Thanks for the review.
I can see the use case for plotting plot_rounds_same_players but not necessarily plot_rounds_different_players (mostly because of the visual clutter). I'm wondering if, given the function's size vs. its propensity to be used, it may be better introduced in an example notebook (maybe like a visualization part 2 notebook). What analytics use case did you envision here?
I want to try clustering rounds and want to use that function to verify that the results make sense. So i take 10 rounds that were all assigned to the same cluster and plot those together to see if they are similar at least visually. In that case the cluttering shouldnt be so problematic because ideally the rounds are all very close and the colors should hopefully be organized together.
How long does it take to create the area distance matrix? If it does not take long, we can just let the user call a function to produce it (maybe with the map as a parameter).

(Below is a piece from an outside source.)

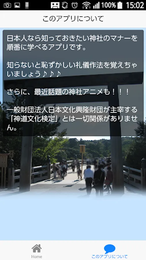 日本人なら知っておきたい神社のマナーを順番に学べるアプリです。

i generated it after (and made use of) the tile_matrix and there it was really quick. but in general it honestly shouldnt take too long. i can check run it without using the tile_matrix and check to make sure.
or get_area_distance_matrix() and generate_tile_distance_matrix() we should probably use the navigation mesh nomenclature, which I believe in this case would make the function names get_place_distance_matrix() and generate_area_distance_matrix(). Each tile is an "area" and a collection of tiles is a "place". Also, is there a reason to use get versus generate for the two? I can see reasoning for having different as well as the same prefix.
definitely agree here. im pretty sure i also wanst 100% consistent in my use, at least in the comments.
I changed to generate
because ´get´ sounds like you just grab it from somewhere and with the way i have it now doing that is just done via importing them from NAV. and also i felt ´get´ sounds like it will be a fast thing while ´generate_tile_distance_matrix()´ takes ~24h.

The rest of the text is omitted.